Since it's a linear mixer, the audio amplitude of the modulating signal remains at radio frequency, so each of those sidebands will rise and fall as the audio modulating signal rises and falls.

Some of the mixup about how the carrier must actually vary in amplitude surely derives from the fact that if you put a simple RF voltmeter on the output of the transmitter, the signal would go up and down with the modulating signal. But since that voltmeter can't select between a sideband or the carrier, it sees the complete amplitude of all three signals, and thus it looks like the carrier level is varying.

It's only incidental that the carrier is also present at the antenna. It's there because the modulated stage is unbalanced, so the carrier signal feeds through to the output. But since you've also translated the modulating signal to RF, those sidebands, you no longer need the carrier to send it along.

"DSB", in this case double sideband with suppressed carrier, uses a balanced modulator stage to mix the audio signal with the "carrier". The result is the two sidebands, but the unneeded "carrier" is not present at the output. Like this:

| |

9.999MHz 10MHz 10.001MHz

"SSB", and more specifically single sideband with suppressed carrier, goes a step further. Since both sidebands are mirror images of each other, only one is needed to convey the modulating signal, so the transmitter removes one of the sidebands, and the mixing process is balanced so there's no "carrier" at the output. Like this:

| 9.999MHz 10MHz 10.001MHz

or this |

9.999MHz 10MHz 10.001MHz depending on whether the transmitter sends lower or upper sideband (ie the sum or the difference between the "carrier" and the modulating audio signal).

All three variants of amplitude modulation have their pros and cons. "AM", ie double sideband with a carrier, is really easy to demodulate. A simple diode will do the deed, and tuning is easy. (Note, that demodulator that seems to create a varying DC voltage to match the modulating signal is in reality a mixer, mixing the carrier from the incoming signal with its sidebands, which converts the radio frequency sidebands back down to audio.)

"DSB", ie double sideband with no carrier, gets rid of the carrier, which wastes power (since it's not actually needed), and since it's not there, it can't beat against a carrier from some other station on almost the same frequency, which results in odd tones coming out of the receiver.

"SSB", ie single sideband with no carrier, puts all the transmitted power in one sideband, which is all that's needed to convey what's in the modulating signal.
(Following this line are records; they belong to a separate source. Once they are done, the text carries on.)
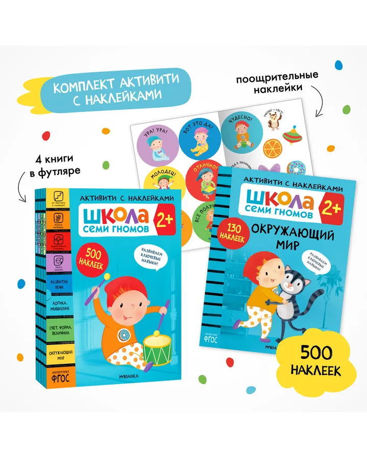 Комплект Школа Семи Гномов Базовый курс 2+ 12 книг речь мышление моторика окружающий мирРебенку годик очень нравятся книжки, 0+, теперь 1+ изучает с интересом. Сам достает из шкафа) Картинки яркие, листы прочные, много интересного и ребенок не устает от занятий.
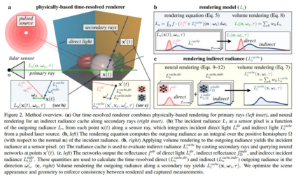 本文提出了首个基于物理的多视角动态光传播神经逆渲染系统。该方法依赖于神经辐射缓存的时间分辨扩展 —— 这是一种通过存储从任意方向到达任意点的无限反射辐射来加速逆向渲染的技术。由此产生的模型能够准确地计算直接和间接光传输效应,并且当应用于从闪光激光雷达系统捕获的测量结果时,能够在强间接光存在的情况下实现最先进的三维重建。此外,本文还演示了传播光的视图合成、将捕获的测量结果自动分解为直接和间接分量,以及诸如对捕获场景进行多视图时间分辨重新照明等新功能。
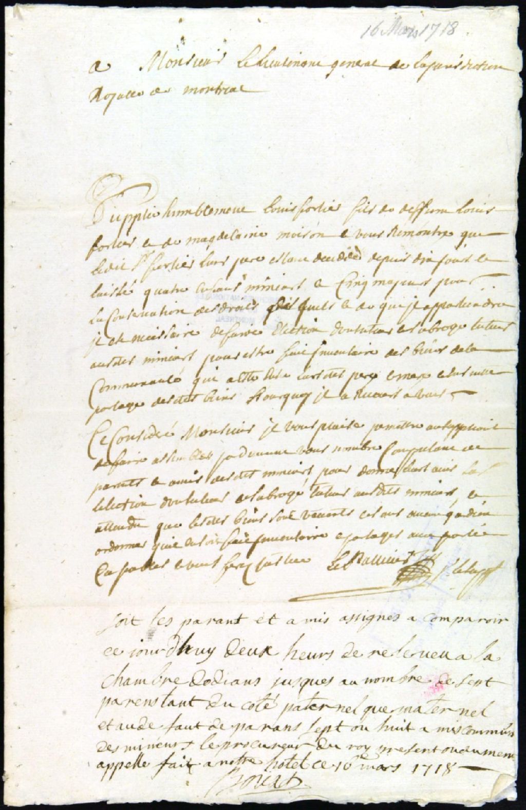 - Tutelles des enfants mineurs de feu Louis Fortier et de feu Madeleine Moison
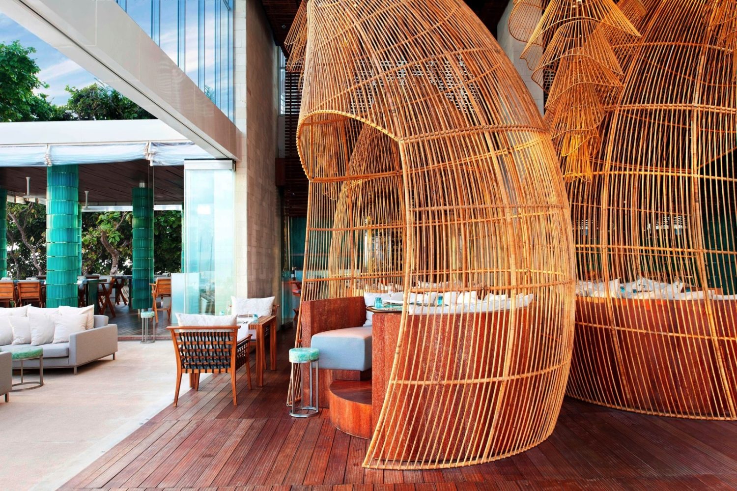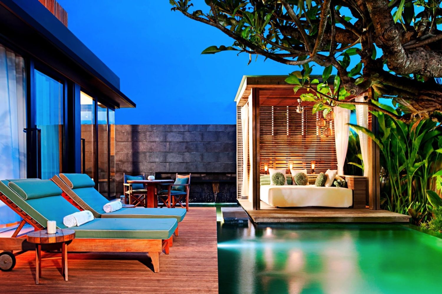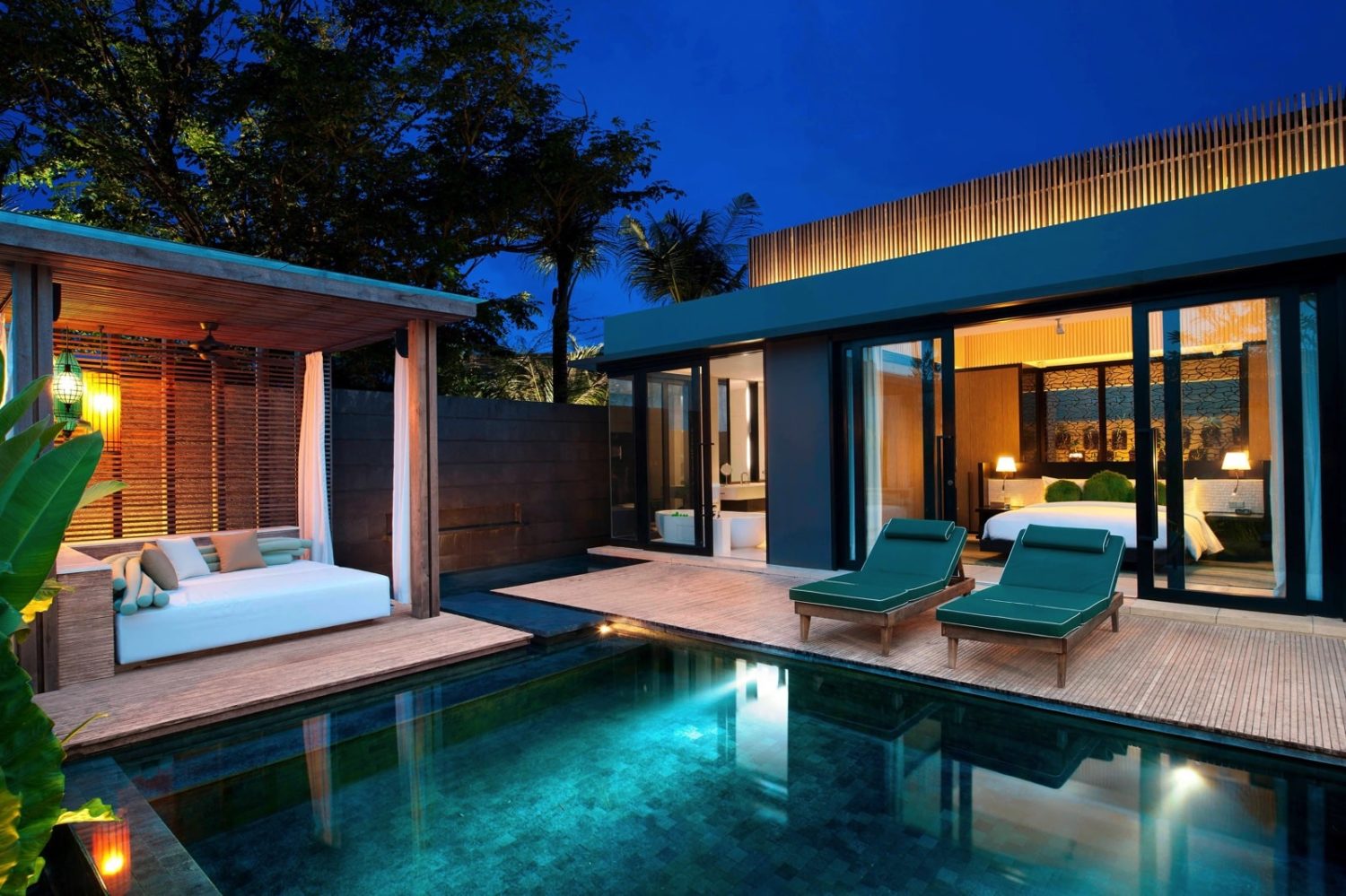 Von der Liegelandschaft am ca. 420 qm großen Pool WET® genießen Gäste den Blick auf die spektakuläre Strand-Szenerie sowie Balis berühmten Sonnenuntergang.

But, since the demodulation of all three is about mixing the RF sideband(s) back down to audio, at some point the receiver needs a signal on the "carrier" frequency to beat against the sideband(s) and mix it back down to audio. With "AM", the carrier is there, and as I pointed out, few even think in terms of a mixing process at the receiver.

But when the "carrier" is not sent out from the transmitter, one has to create a "carrier" at the receiver end. The problem then arises of where to put the locally generated "carrier". Because if it's not in the right place, the demodulated signal will not be an exact replicant of the original modulating signal.

With "SSB", that means you will have audio that is low or high pitched, though you can tune the locally generated "carrier" so it sounds about right, the human brain will know. And the brain will tolerate a certain level of "off frequency".

"DSB" is trickier, because the locally generated "carrier" has to be in exactly the right place, ie right between the sidebands. Otherwise, that 9.999MHz signal will not translate back down to the original 1KHz, it will be at 1.1KHz, say. But, the upper sideband will not translate to 1KHz either, it will land at at zero Hertz, you won't hear it. But, since the two sidebands do not mix back down to the same frequency, they will not clash, and the receiver output will not be listenable.

The simplest way to fix that is to put a filter in the receiver to knock out one of the sidebands, so the rest of the receiver sees an "SSB" signal. There's no difference between stripping off the signal at the transmitter or at the receiver (well in terms of demodulating that signal).

But then you lose one advantage of sending two sidebands, which is the redundancy of the two sidebands. If you use a demodulator that makes use of both sidebands, then interference to one will not be a problem, and fading to one will not be a problem.

So if the receiver is not stripping off one sideband, the locally generated "carrier" has to use information from those sidebands to tune it to the exact frequency. Various methods exist to do that, going from simple to complicated.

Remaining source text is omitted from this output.